---------- Material for the task ----------

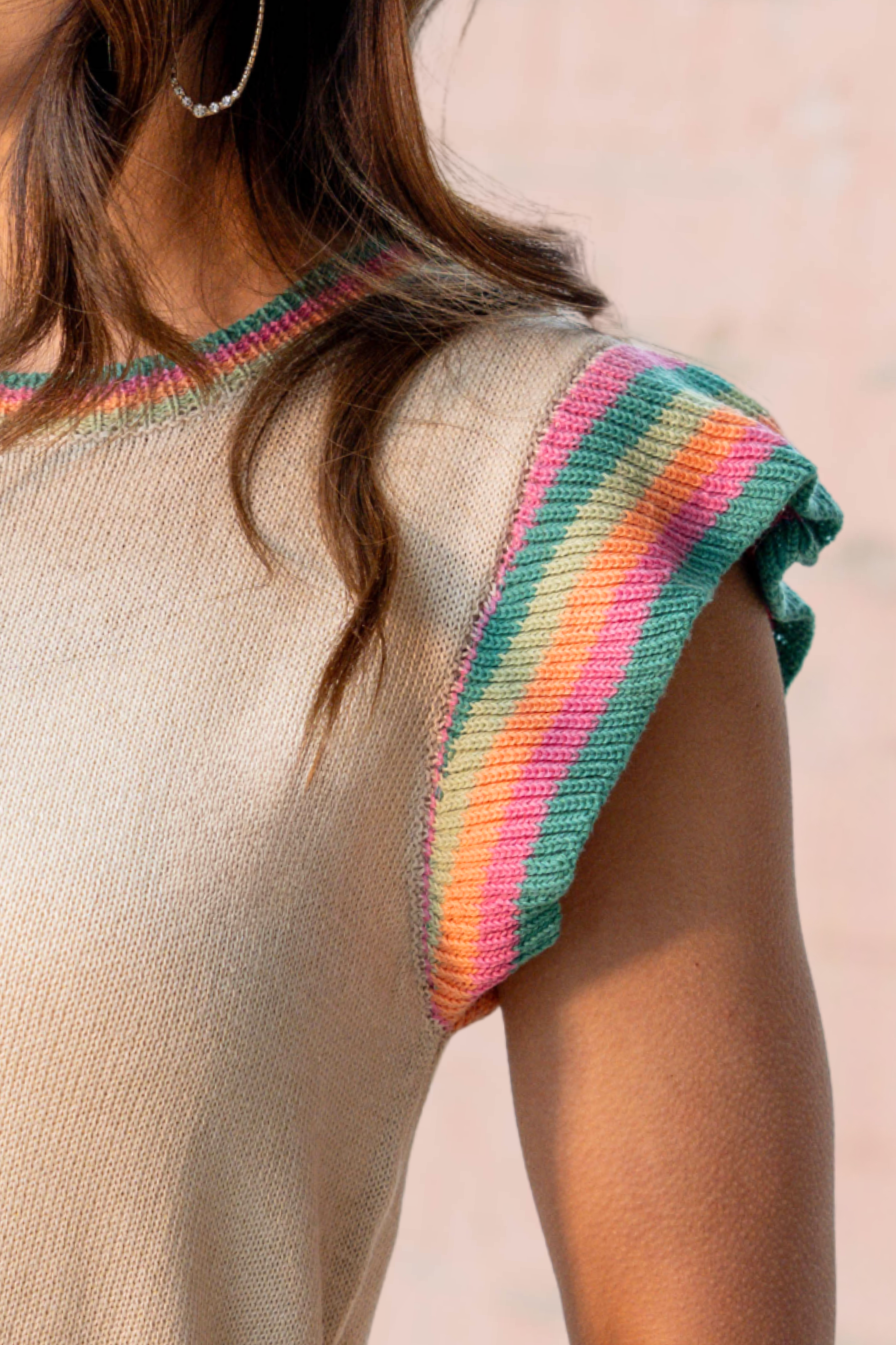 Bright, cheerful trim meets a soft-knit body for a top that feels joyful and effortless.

----------
---------- Material for the task ----------

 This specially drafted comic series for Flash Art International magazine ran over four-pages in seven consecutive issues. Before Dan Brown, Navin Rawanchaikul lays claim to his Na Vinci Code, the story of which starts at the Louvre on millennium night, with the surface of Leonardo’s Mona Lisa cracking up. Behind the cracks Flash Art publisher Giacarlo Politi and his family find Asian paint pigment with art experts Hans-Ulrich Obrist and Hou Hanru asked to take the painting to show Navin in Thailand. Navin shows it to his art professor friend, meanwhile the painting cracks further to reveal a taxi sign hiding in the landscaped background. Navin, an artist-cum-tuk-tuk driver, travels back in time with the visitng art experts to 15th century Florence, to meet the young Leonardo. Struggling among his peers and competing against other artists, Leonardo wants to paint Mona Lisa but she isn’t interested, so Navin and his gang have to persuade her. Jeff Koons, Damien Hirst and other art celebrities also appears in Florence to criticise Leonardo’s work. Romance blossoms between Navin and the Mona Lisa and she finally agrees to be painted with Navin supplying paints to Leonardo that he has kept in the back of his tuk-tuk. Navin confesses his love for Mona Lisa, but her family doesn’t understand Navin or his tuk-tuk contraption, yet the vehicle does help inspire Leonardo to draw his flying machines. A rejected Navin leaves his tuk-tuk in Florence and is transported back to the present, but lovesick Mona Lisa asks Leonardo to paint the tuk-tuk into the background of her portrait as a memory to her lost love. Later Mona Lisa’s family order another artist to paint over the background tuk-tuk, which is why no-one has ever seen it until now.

----------
---------- Material for the task ----------

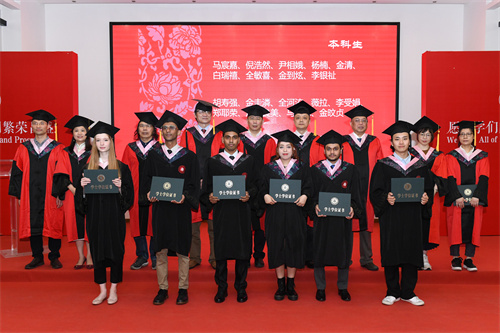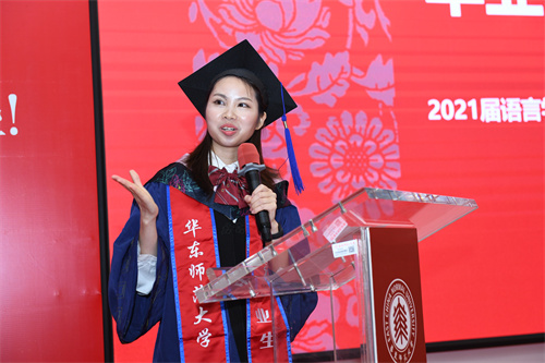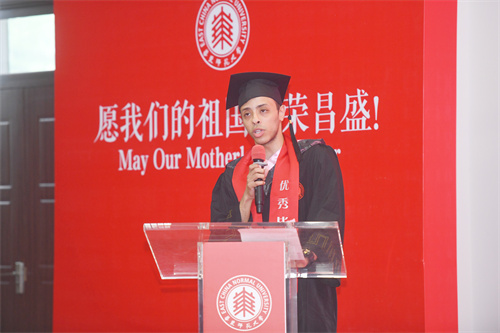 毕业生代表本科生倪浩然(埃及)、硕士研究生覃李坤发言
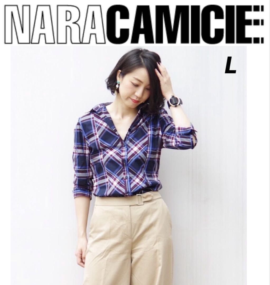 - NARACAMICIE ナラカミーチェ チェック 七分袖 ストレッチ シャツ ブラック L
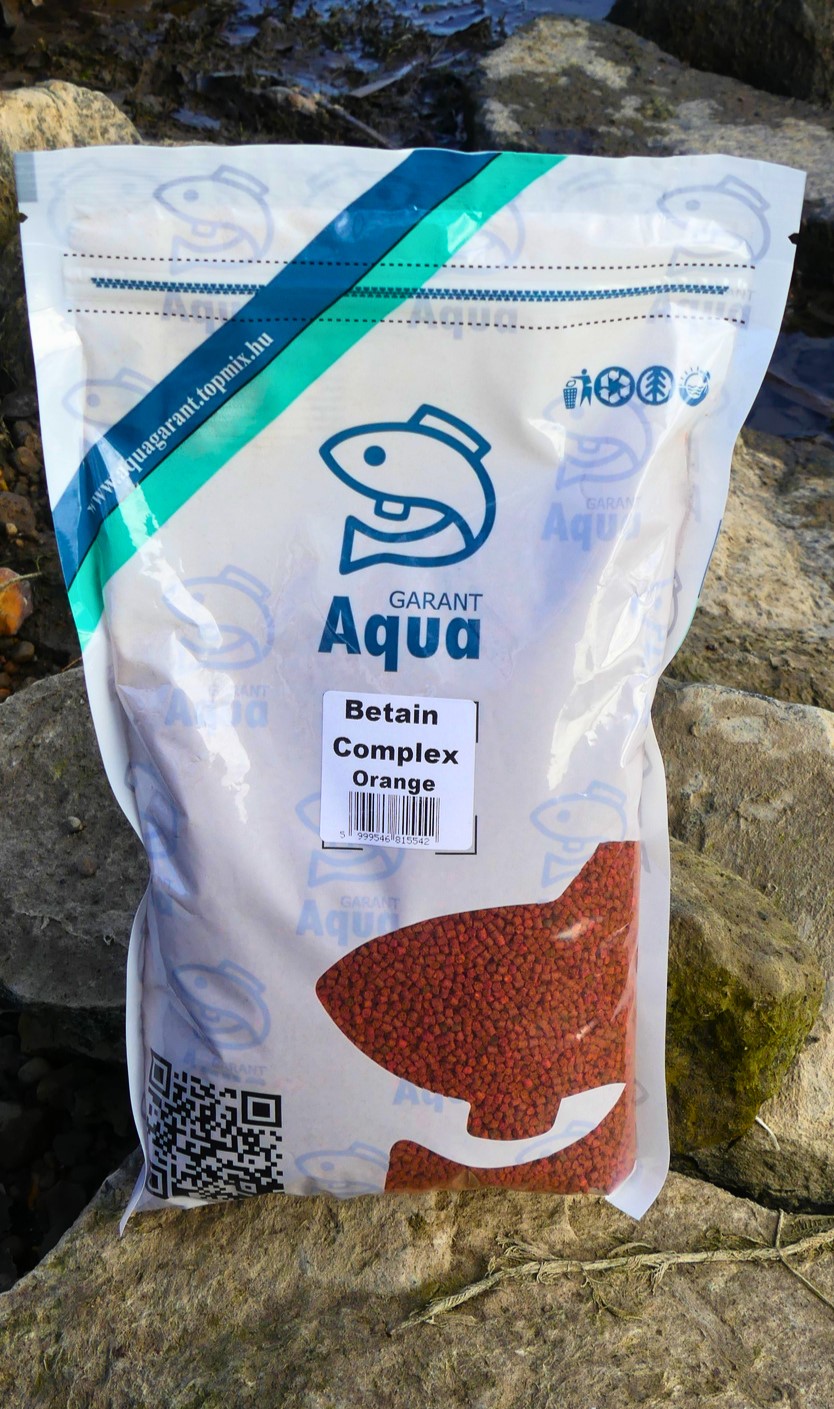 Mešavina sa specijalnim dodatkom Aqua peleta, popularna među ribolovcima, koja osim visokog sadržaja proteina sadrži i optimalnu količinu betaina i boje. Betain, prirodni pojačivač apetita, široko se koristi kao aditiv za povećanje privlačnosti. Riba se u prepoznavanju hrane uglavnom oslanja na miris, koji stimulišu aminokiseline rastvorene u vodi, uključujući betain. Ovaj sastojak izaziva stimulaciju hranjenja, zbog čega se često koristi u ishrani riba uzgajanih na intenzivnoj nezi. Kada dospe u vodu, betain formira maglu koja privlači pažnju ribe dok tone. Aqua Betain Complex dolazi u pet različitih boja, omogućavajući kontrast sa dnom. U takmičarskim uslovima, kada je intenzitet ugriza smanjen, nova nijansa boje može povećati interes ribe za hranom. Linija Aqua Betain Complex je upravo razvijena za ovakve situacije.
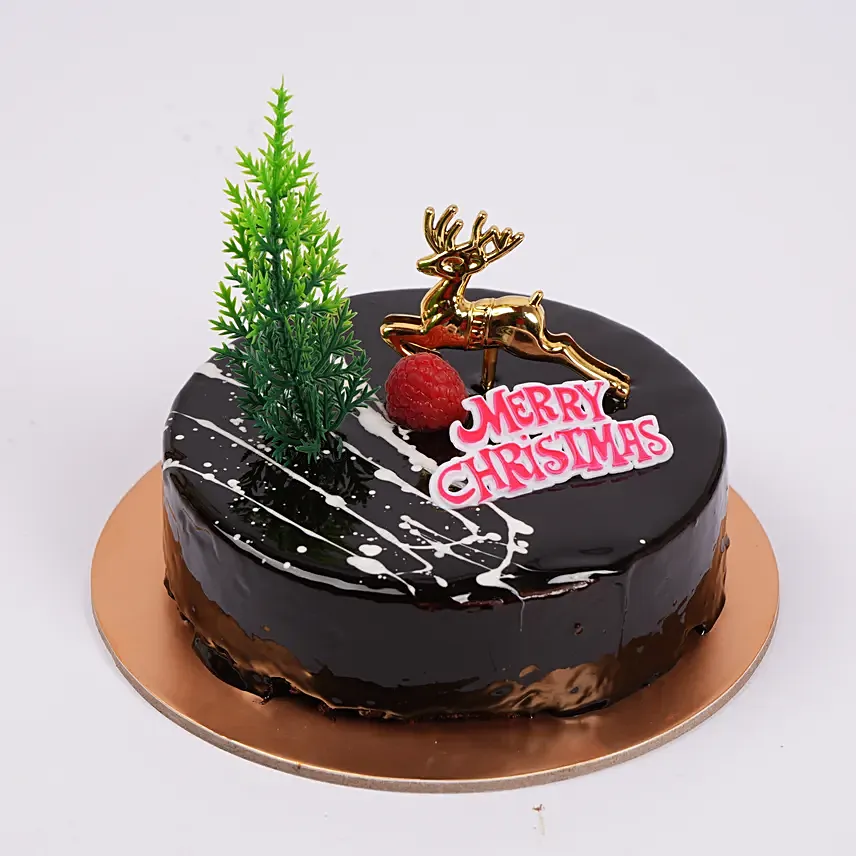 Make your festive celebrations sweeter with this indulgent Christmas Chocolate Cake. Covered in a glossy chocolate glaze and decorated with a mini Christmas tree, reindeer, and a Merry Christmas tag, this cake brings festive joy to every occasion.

----------

Reproduce the lines above beginning at the line that contains "毕业生代表本科生倪浩然(埃及)、硕士研究生覃李坤发言" and ending at the line that contains "- NARACAMICIE ナラカミーチェ". No pictures.

 毕业生代表本科生倪浩然(埃及)、硕士研究生覃李坤发言
 - NARACAMICIE ナラカミーチェ チェック 七分袖 ストレッチ シャツ ブラック L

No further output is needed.